[Supplied information — start]
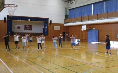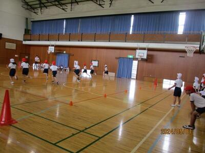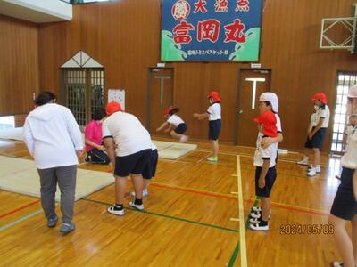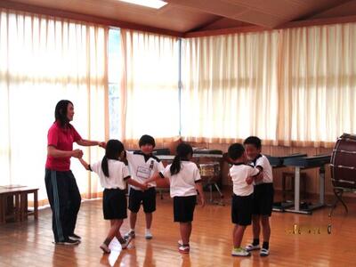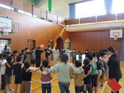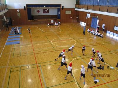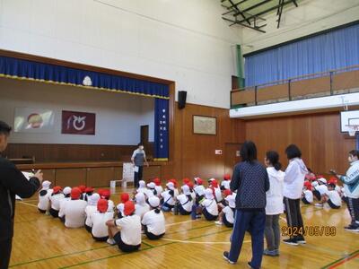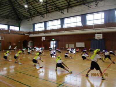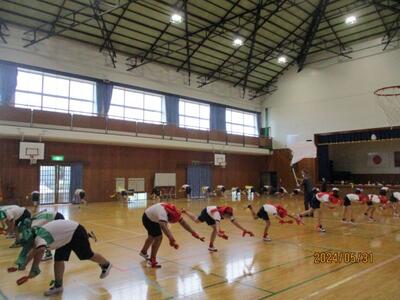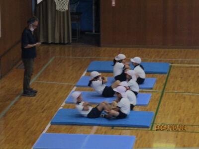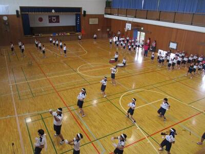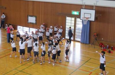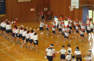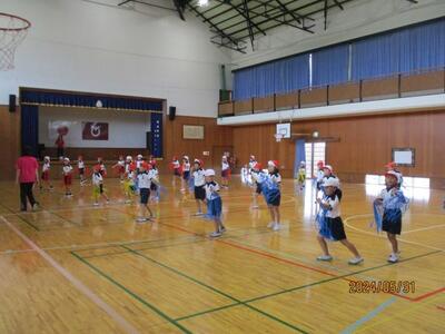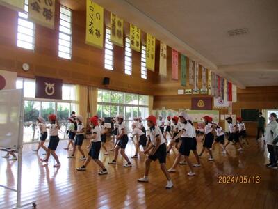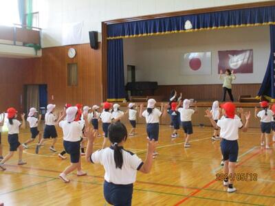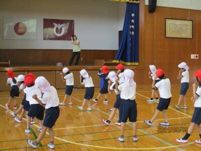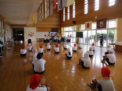 3時間目は、体育館で1~3年生の体育が行われていました。今日からいよいよ、運動会に向けてのダンスの練習スタートです。ステージに立つ先生のふりを見ながら、子供たちはどんどんダンスを覚えていきます。一つ一つのポーズがとてもかわいらしい下学年の子供たちのダンスでした。
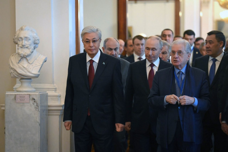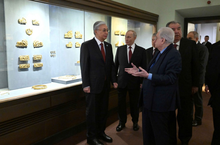 "Президент Қасым-Жомарт Тоқаев ТМД-ның бейресми саммитіне қатысу үшін Санкт-Петербургке келген өзге де мемлекеттер басшыларымен бірге Эрмитажды аралап көрді", - делінген хабарламада.
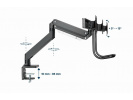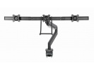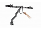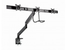 Držák 3 monitorů na stůl s dvojitými rameny Ramena se otáčejí, vysunují a zasunují, naklání a mění úhly a dá se se otáčet displej z krajiny-to-portrét režimu atd Umožňuje snadno ergonomické polohy pro sníženou kmen Pracuje s téměř jakýmkoliv LCD monitoru (max. 27"") Odolná svorka nastavitelná pro plynový je vhodný kg pro snadnou instalaci Silný stůl 1 - pružina Kompatibilní s VESA (100 x 100 mm a 75 x 75 mm) Specifikace Materiál: hliník, ocel, plast Povrchová úprava: práškový lak Barva: matná černá Vhodné pro velikost obrazovky: 17" ~ 27" Nosnost: 1 ~ 6 kg (na displej) Kompatibilní s VESA: 75 x 75, 100 x 100 mm Rozsah náklonu: +5 ° ~ -15 ° Rozsah otáčení: +10 ° ~ -10 ° Otočení obrazovky: +180 ° ~ -180 ° Instalace: Stolní svorka nebo průchodka Max. tloušťka stolu: Svorka: 10 ~ 85 mm, Průchodka: 10 ~ 40 mm Vedení kabelů: Ano Čistá hmotnost: 8,58 kg Rozměry: 1330 x 709 x 770 mm
[Supplied information — finish]
#### What needs to be done:
Copy only this, please: the line with "- делінген хабарламада." and every line after it through the end of the data, with no pictures.

#### Result below:
 "Президент Қасым-Жомарт Тоқаев ТМД-ның бейресми саммитіне қатысу үшін Санкт-Петербургке келген өзге де мемлекеттер басшыларымен бірге Эрмитажды аралап көрді", - делінген хабарламада.
 Držák 3 monitorů na stůl s dvojitými rameny Ramena se otáčejí, vysunují a zasunují, naklání a mění úhly a dá se se otáčet displej z krajiny-to-portrét režimu atd Umožňuje snadno ergonomické polohy pro sníženou kmen Pracuje s téměř jakýmkoliv LCD monitoru (max. 27"") Odolná svorka nastavitelná pro plynový je vhodný kg pro snadnou instalaci Silný stůl 1 - pružina Kompatibilní s VESA (100 x 100 mm a 75 x 75 mm) Specifikace Materiál: hliník, ocel, plast Povrchová úprava: práškový lak Barva: matná černá Vhodné pro velikost obrazovky: 17" ~ 27" Nosnost: 1 ~ 6 kg (na displej) Kompatibilní s VESA: 75 x 75, 100 x 100 mm Rozsah náklonu: +5 ° ~ -15 ° Rozsah otáčení: +10 ° ~ -10 ° Otočení obrazovky: +180 ° ~ -180 ° Instalace: Stolní svorka nebo průchodka Max. tloušťka stolu: Svorka: 10 ~ 85 mm, Průchodka: 10 ~ 40 mm Vedení kabelů: Ano Čistá hmotnost: 8,58 kg Rozměry: 1330 x 709 x 770 mm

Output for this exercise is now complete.